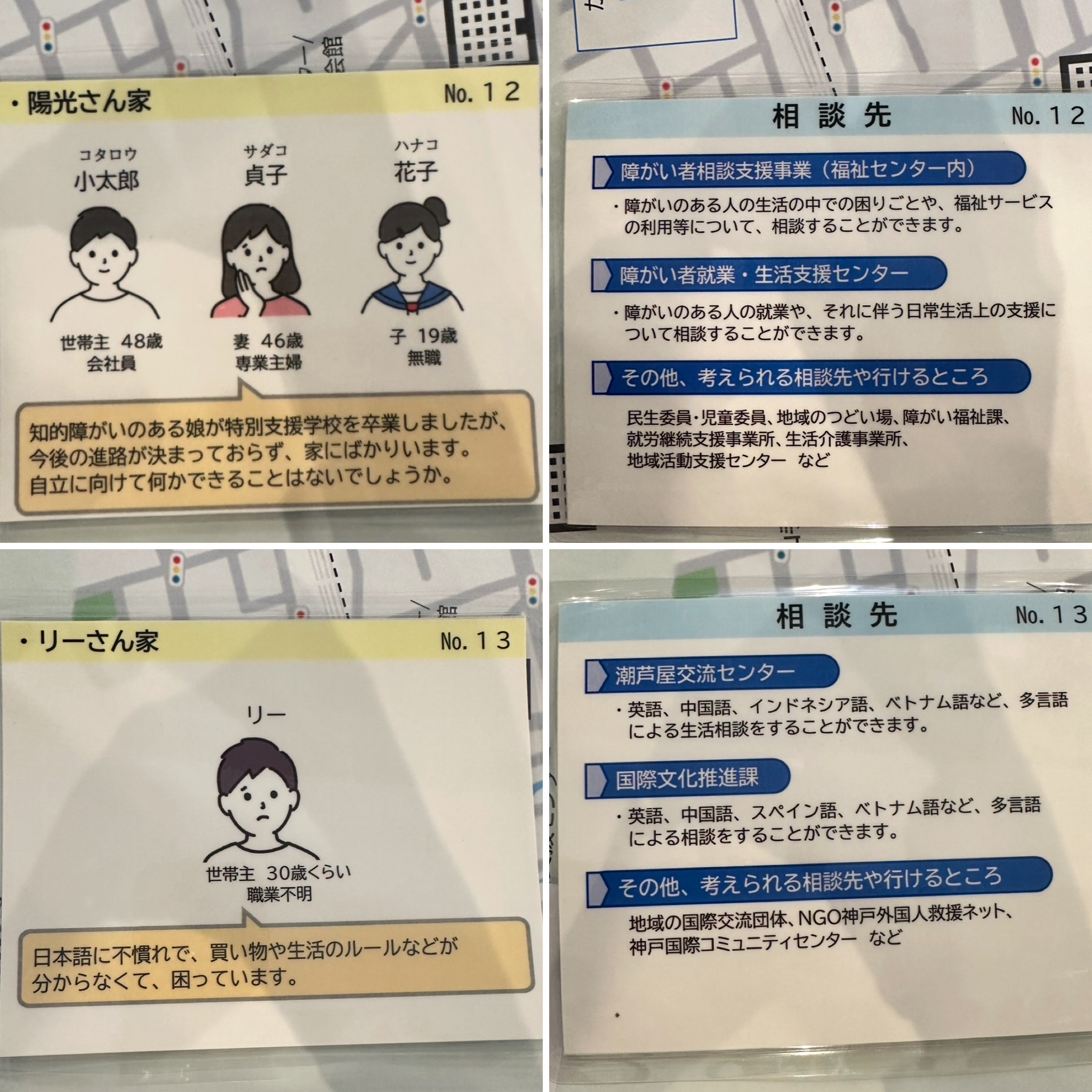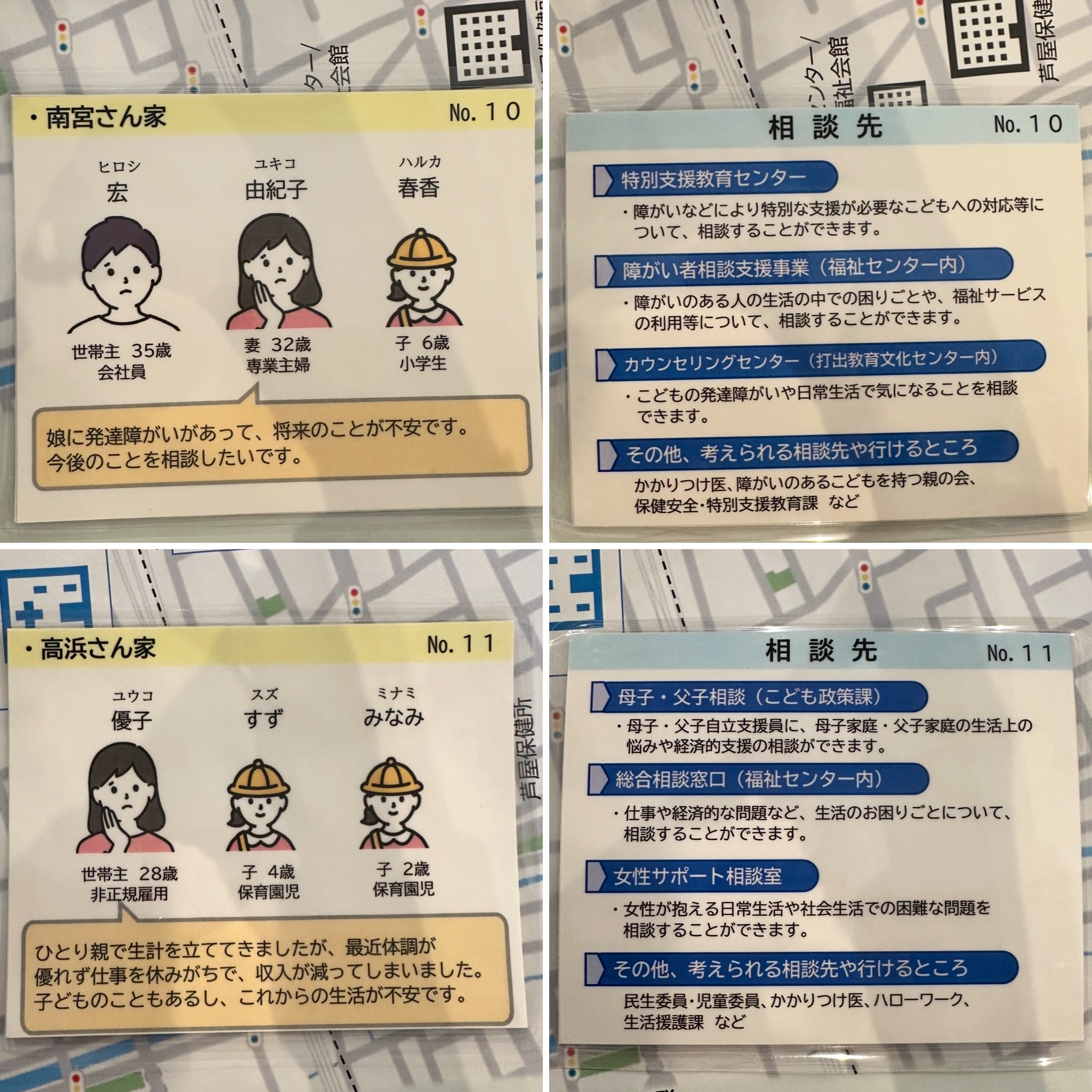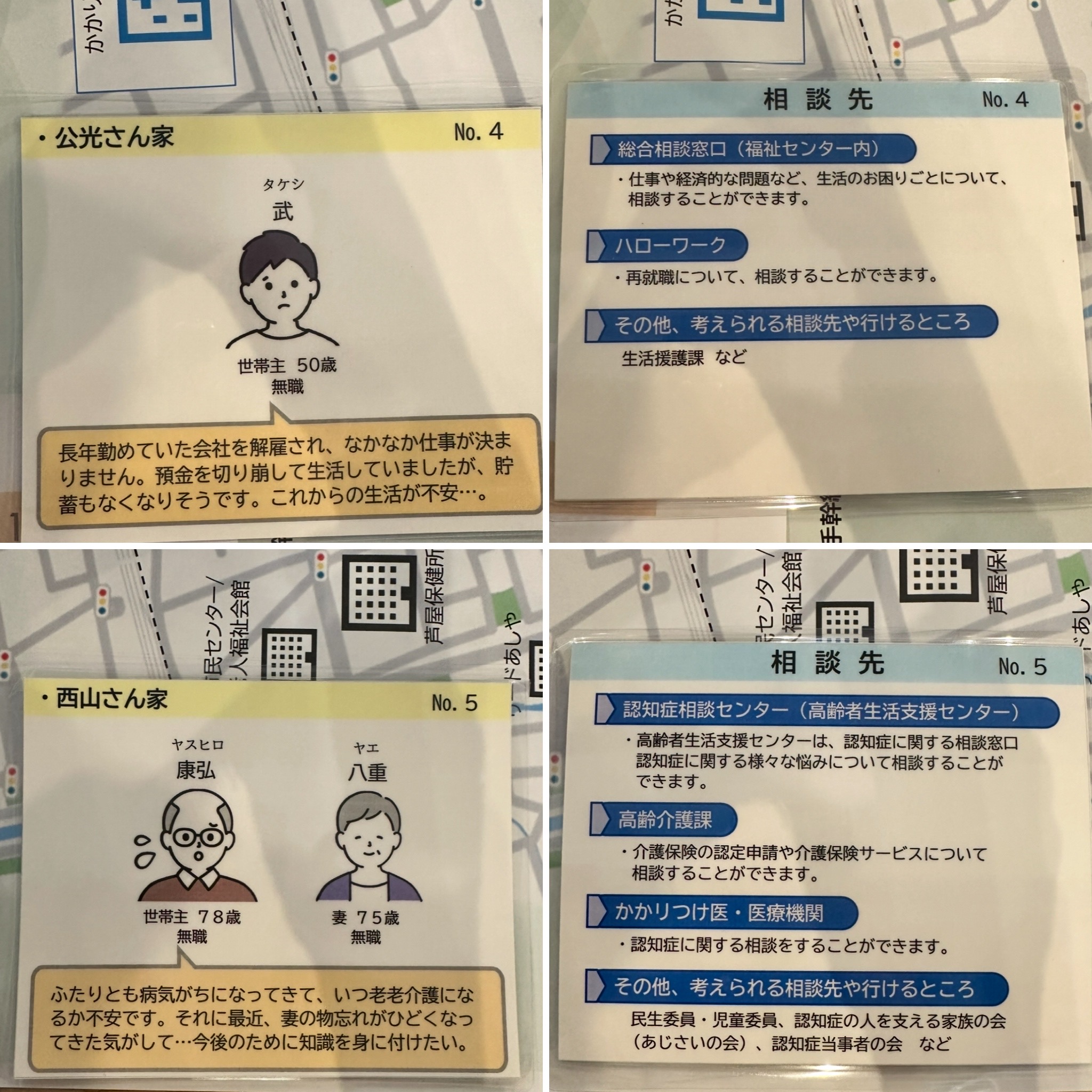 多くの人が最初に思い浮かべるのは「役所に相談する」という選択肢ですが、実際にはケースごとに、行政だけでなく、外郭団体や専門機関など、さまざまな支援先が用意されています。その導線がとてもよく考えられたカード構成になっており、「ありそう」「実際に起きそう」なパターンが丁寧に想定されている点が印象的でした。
...
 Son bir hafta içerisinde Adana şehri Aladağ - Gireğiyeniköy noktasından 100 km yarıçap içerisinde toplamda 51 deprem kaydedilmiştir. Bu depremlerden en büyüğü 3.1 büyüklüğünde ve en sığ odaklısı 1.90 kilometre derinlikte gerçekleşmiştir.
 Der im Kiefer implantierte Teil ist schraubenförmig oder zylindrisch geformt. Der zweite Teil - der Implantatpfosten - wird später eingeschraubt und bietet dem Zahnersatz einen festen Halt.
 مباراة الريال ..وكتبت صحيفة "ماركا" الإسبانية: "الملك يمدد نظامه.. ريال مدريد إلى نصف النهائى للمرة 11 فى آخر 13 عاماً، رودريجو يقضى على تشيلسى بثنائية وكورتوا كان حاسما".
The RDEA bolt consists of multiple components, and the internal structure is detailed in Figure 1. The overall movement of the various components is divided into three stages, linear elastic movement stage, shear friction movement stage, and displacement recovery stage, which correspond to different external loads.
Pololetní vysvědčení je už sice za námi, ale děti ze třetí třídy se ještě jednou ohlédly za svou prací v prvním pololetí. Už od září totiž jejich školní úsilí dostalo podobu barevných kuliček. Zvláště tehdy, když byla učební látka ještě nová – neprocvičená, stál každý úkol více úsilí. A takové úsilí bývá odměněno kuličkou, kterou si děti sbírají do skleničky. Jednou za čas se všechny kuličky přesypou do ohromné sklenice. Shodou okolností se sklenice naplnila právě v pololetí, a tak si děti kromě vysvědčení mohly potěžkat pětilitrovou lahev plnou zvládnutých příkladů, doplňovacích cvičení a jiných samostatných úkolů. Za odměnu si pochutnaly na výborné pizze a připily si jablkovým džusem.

### TASK INSTRUCTIONS
Everything in the material above from the line that has "Der im Kiefer" through the line that has "The RDEA bolt" must be duplicated exactly, with no other lines given.

### ANSWER SPACE
 Der im Kiefer implantierte Teil ist schraubenförmig oder zylindrisch geformt. Der zweite Teil - der Implantatpfosten - wird später eingeschraubt und bietet dem Zahnersatz einen festen Halt.
 مباراة الريال ..وكتبت صحيفة "ماركا" الإسبانية: "الملك يمدد نظامه.. ريال مدريد إلى نصف النهائى للمرة 11 فى آخر 13 عاماً، رودريجو يقضى على تشيلسى بثنائية وكورتوا كان حاسما".
The RDEA bolt consists of multiple components, and the internal structure is detailed in Figure 1. The overall movement of the various components is divided into three stages, linear elastic movement stage, shear friction movement stage, and displacement recovery stage, which correspond to different external loads.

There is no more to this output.